Porém, na época, eu avisei que não os alertas não iriam funcionar e o “efeito backfire” os faria comemorar, antecipadamente, “a vitória de Frota sobre o MBL”.

Depois que conhecemos o processo do “efeito backfire” é curioso expor os fatos e saber que mesmo assim as pessoas que investiram suas emoções numa crença podem não abandoná-la, mas reforçá-la, quando os fatos a desmentem.

Chegaram até a me atazanar: “Como você, Ayan, um especialista em guerra política pode apoiar um movimento que perde o logo para Frota?”. Quer dizer: era o famoso “contar com o ovo no c* da galinha”.

Agora saiu a liminar obrigando Frota a parar de usar o nome MBL e até a retirar um domínio que ele colocou no ar, sob pena de multa de R$ 1.000,00 por dia.

E quanto aos que GARANTIRAM que “Frota venceu e levou a marca, eeee”? Bem, eu avisei que eles teriam a mesma sensação que os janotistas tiveram quando saíram os áudios de Joesley e Saud, certo?

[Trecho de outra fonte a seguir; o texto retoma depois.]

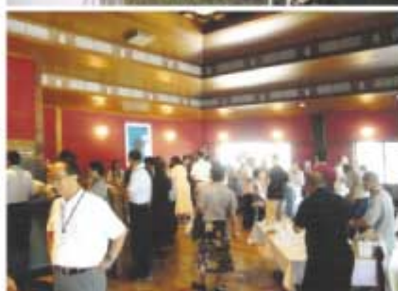
「秋の薬師寺での集い」の様子とレストランテ・アムリット
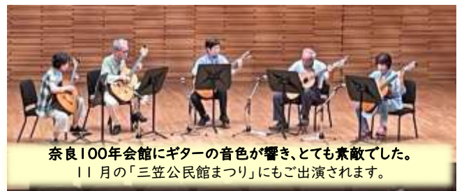
奈良100年会館にギターの音色が響き、とても素敵でした。 11月の「三笠公民館まつり」にもご出演されます。

『大宮まつり』(大宮地区自治協議会・大宮まつり実行委員会 主催)に「エンジョイ・ギター」の皆さんが出演されました！

Quem investe suas emoções numa mentira por puro oportunismo tende a rodar lá na frente.

Vai acontecer mais vezes com a direita oportunista. E avisaremos antes. E os avisos não vão adiantar. E o tombo fica mais divertido assim.

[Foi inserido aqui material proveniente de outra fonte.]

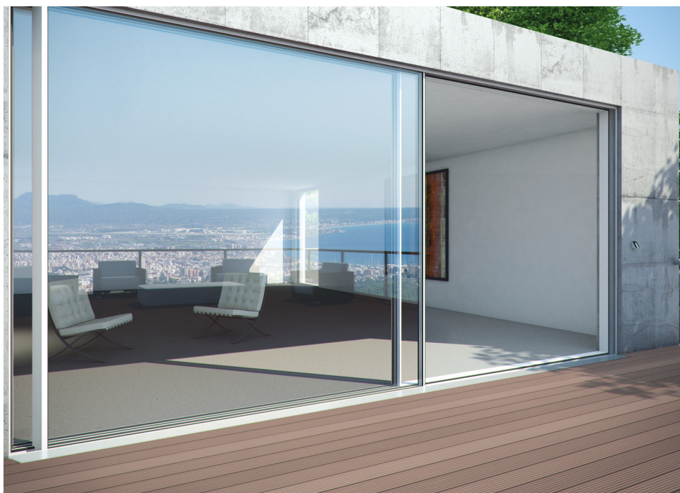
Vista dall'esterno View from outside

The Schüco ASS 77 PD.HI system makes large-scale sliding systems with maximum transparency possible. Slender profile face widths and outstanding thermal insulation win over architects and clients.

A decisão da juíza Márcia Regina Araújo Lima diz:

Cuida-se de pedido de concessão de tutela antecipada de urgência consistente na determinação de que os requeridos se abstenham de utilizar a marca MBL – Movimento Brasil Livre, bem como retirem de circulação sites e conteúdos que façam referência à marca.

Para tanto, sustenta o autor que a marca nasceu no ano de 2013 com um movimento popular para a promoção dos valores da legalidade, do empreendedorismo e do combate à corrupção. Afirma que as pessoas responsáveis pelo movimento, Srs. Renan Santos, Alexandre Santos, Kim Patroca Kataguiri e Fernando da Silva Bispo, criaram a associação Movimento Renovação Liberal, cessionária da marca supracitada. Destaca o protocolo do pedido de marca no INPI, o qual não sofreu oposição de terceiros.

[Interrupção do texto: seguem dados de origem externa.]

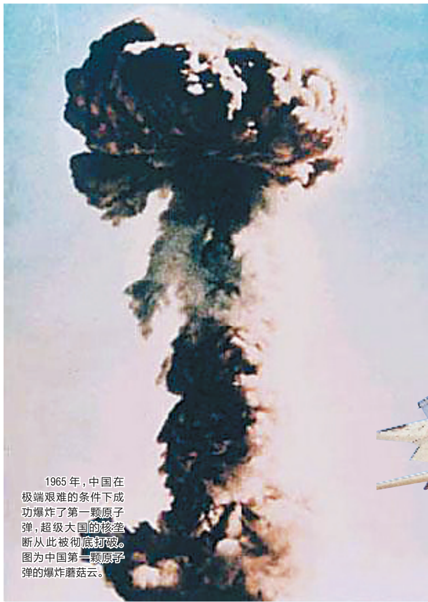
1965年,中国在极端艰难条件下成功爆炸了第一颗原子弹,超级大国的核垄断从此被彻底打破。图为中国第一颗原子弹的爆炸蘑菇云。

在未来的若干年中,在现代化装备武装下和实战化条件下磨砺的中国军队,必然会越来越底气十足。(据新华社)
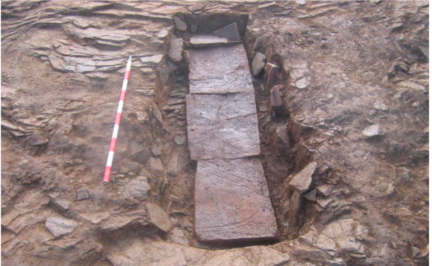
Fotografía dunha tumba romana da vila de Peneiro (Outeiro de Rei, Lugo)

peixe, que se elaboraba en factorías galaicas (das que conservamos bastantes exemplos, entre os máis destacados Noville, en Mugardos, ou O Areal, en Vigo). Esta conserva levou o peixe a lugares onde apenas era unha rareza. Hai dúbidas sobre o alcance da produción de viño, pero o seu consumo está ben testemuñado. Pola contra, moi escasa sería a presenza de aceite debido ao elevado prezo da súa importación.
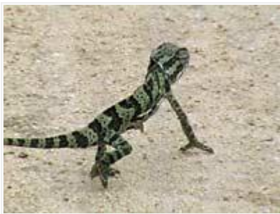
Ei mitään kiirettä...

S1:ltä käännyin etelään (vasemmalle) tielle S3 (Albasini Road) kohti Pretoriuskopin leiriä. Tämä hiekkatie tiheiden metsien halki on suositeltujen reittien joukossa Krugerin lintukarttavihkosessa (Kruger Park Birding Map). Olin kuitenkin liikkeellä hiljaiseen aikaan puolenpäivän jälkeen. Merkittävimpinä havaintoina vain pikkukotka, lauma kääpiömangusteja (jälleen) ja Mestel Dam juomapaikalla urosleijona, joka makasi pää koholla lammen takana metsän reunassa. Siltä paikalta se havaitsisi kaikki lammelle tulevat eläimet, pysyen kuitenkin itse osittain piilossa.

Acrescenta que no ano corrente o segundo réu constituiu a Associação Movimento Brasil Livre (1ª ré) e divulgou em redes sociais ser o proprietário da marca MBL. Tece considerações acerca da possibilidade de preservação da marca antes do registro definitivo.

É o breve relato. Decido.

O artigo 300 do CPC/15 disciplina a possibilidade de concessão da tutela antecipada de urgência quando houver elementos que evidenciem a probabilidade do direito e o perigo de dano ou o risco ao resultado útil do processo.

O art. 130 da Lei n. 9.279/96, por sua vez, assegura ao depositante do pedido de registro o direito de zelar pela integridade material e reputação da marca.

Isto porque a proteção conferida à marca tem por objetivo evitar a concorrência desleal, a possibilidade de confusão ou dúvida nos consumidores, ou locupletamento com o esforço e trabalho alheios.

Pois bem. No caso em apreço, tenho que se fazem presentes os requisitos da medida antecipatória.

Com efeito, os documentos de ID n. 10834990 dão conta de que o requerente é o depositante do pedido de registro da marca perante o INPI, o qual não sofreu oposição, consoante andamento processual de ID n. 109111778 a 10911782 e 10911787. Além disso, os documentos de ID n. 10834235 a 10834865 demonstram a utilização da marca pelos fundadores da associação autora desde o ano de 2014. Tais circunstâncias indicam, ao menos em sede de cognição sumária, a probabilidade do direito autoral.

O perigo de dano também se faz presente, porquanto os requeridos utilizam a expressão “Movimento Brasil Livre” – MBL em site ou como referência aos movimentos populares que lideram, conforme consulta realizada nesta data  (http://movimentobrasillivre.com.br/), a possibilitar a vinculação da marca a
manifestações e valores dissonantes dos defendidos pela parte autora.

A decisão diz:

Ante o exposto, porque presentes os requisitos do art. 300 do CPC, defiro o pedido de tutela de urgência para determinar que os requeridos:

a) se abstenham de utilizar a marca “MBL – MOVIMENTO BRASIL LIVRE” ou de se
identificarem como seus detentores, sob pena de multa de R$1.000,00, a cada utilização indevida, a contar de suas intimações pessoais e
b) retirem o domínio – http://movimentobrasillivre.com.br/ – do ar, no prazo de 05 dias, a contar de suas intimações pessoais, sob pena de multa de R$1.000,00, a cada dia mantido em funcionamento.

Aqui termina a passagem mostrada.